A new method could get graphene a step closer to replacing less-effective copper interconnects in the world’s computer devices.

Ever since scientists discovered graphene, the flexible, two-dimensional form of graphite (think a 1-atom-thick sheet of pencil lead), in 2004, researchers around the world have been working to develop commercially scalable applications for this high-performance material.

Graphene is 100 to 300 times stronger than steel and has a maximum electrical current density orders of magnitude greater than that of copper, making it the strongest, thinnest and, by far, the most reliable electrically conductive material on the planet. It is, therefore, an extremely promising material for interconnects, the fundamental components that connect billions of transistors on microchips in computers and other electronic devices in the modern world.

The problem with copper

For over two decades, interconnects have been made of copper, but that metal encounters fundamental physical limitations as electrical components that incorporate it shrink to the nanoscale.

“As you reduce the dimensions of copper wires, their resistivity shoots up,” says Kaustav Banerjee, a professor in the electrical and computer engineering department at the University of California, Santa Barbara. “Resistivity is a material property that is not supposed to change, but at the nanoscale, all properties change.”
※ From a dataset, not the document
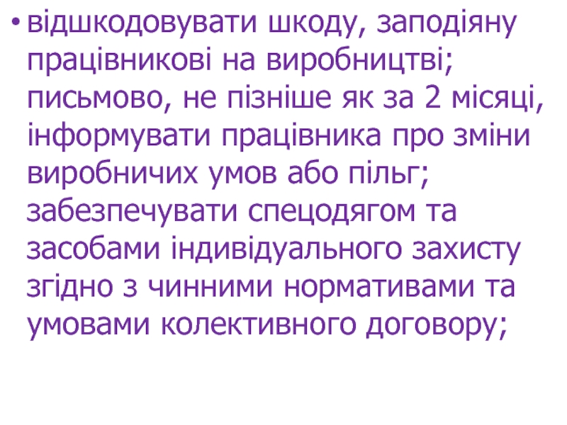 Слайд 11відшкодовувати шкоду, заподіяну працівникові на виробництві; письмово, не пізніше як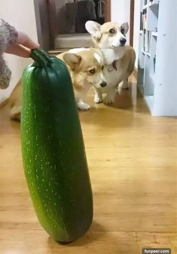 巨型西葫蘆給兩隻柯基造成了心理陰影

As the resistivity increases, copper wires generate more heat, reducing their current-carrying capacity. It’s a problem that poses a fundamental threat to the $500 billion semiconductor industry. Graphene has the potential to solve that and other issues. One major obstacle, though, is designing graphene microcomponents that can be manufactured on-chip, on a large scale, in a commercial foundry.

“Whatever the component, be it inductors, interconnects, antennas, or anything else you want to do with graphene, industry will move forward with it only if you find a way to synthesize graphene directly onto silicon wafers,” Banerjee says. He explains that all manufacturing processes related to the transistors, which are made first, are referred to as the ‘front end.’ To synthesize something at the back-end—that is, after the transistors are fabricated—you face a tight thermal budget that cannot exceed a temperature of about 500 degrees Celsius.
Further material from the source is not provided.